_Task brief:_ In the entries below, find the line with "Miscellaneous lot, clock, books, umbrellas, etc." and the line with "To address these". Print those two and everything between them exactly, and nothing else.

*** Information ***

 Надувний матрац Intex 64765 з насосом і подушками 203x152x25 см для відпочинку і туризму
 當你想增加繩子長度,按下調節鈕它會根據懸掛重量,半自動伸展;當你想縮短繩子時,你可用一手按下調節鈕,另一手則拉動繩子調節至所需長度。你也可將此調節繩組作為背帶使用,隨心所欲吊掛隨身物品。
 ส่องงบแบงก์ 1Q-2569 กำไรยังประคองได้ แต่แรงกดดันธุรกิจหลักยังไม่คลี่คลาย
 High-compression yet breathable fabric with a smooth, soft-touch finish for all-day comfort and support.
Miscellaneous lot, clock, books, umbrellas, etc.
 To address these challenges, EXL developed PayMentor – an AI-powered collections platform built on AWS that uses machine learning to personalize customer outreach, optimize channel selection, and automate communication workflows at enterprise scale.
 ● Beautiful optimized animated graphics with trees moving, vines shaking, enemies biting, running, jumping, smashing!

*** End of Information ***
*** Information ***

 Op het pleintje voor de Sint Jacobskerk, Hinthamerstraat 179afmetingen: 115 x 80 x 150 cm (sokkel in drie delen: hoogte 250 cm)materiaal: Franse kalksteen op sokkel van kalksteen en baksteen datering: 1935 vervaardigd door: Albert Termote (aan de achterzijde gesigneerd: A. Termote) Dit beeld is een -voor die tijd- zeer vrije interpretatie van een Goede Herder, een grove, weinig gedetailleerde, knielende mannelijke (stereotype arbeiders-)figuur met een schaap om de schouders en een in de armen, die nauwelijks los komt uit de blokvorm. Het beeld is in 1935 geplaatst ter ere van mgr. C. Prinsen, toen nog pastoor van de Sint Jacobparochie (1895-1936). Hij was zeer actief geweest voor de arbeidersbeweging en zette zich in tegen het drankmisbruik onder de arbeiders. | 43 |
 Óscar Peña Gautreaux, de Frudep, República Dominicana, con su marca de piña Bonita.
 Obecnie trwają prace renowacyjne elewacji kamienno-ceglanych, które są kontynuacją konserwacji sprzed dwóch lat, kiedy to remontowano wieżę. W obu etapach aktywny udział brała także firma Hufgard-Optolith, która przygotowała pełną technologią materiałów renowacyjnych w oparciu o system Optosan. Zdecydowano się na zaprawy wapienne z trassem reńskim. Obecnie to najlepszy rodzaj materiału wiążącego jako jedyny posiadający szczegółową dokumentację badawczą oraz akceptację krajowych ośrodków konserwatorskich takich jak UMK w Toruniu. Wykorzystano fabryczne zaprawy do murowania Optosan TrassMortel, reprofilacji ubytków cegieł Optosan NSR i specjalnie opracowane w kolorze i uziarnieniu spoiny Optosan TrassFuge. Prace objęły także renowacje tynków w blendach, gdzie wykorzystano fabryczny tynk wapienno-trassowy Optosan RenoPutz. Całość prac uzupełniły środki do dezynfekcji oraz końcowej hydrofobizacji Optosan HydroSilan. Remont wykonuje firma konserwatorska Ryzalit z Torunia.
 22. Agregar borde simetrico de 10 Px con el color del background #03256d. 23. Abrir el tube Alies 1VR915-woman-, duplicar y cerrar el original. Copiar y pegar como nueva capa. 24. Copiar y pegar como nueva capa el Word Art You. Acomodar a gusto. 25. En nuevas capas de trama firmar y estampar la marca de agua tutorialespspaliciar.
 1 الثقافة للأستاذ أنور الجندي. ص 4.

*** End of Information ***

_Reply to the task:_
Miscellaneous lot, clock, books, umbrellas, etc.
 To address these challenges, EXL developed PayMentor – an AI-powered collections platform built on AWS that uses machine learning to personalize customer outreach, optimize channel selection, and automate communication workflows at enterprise scale.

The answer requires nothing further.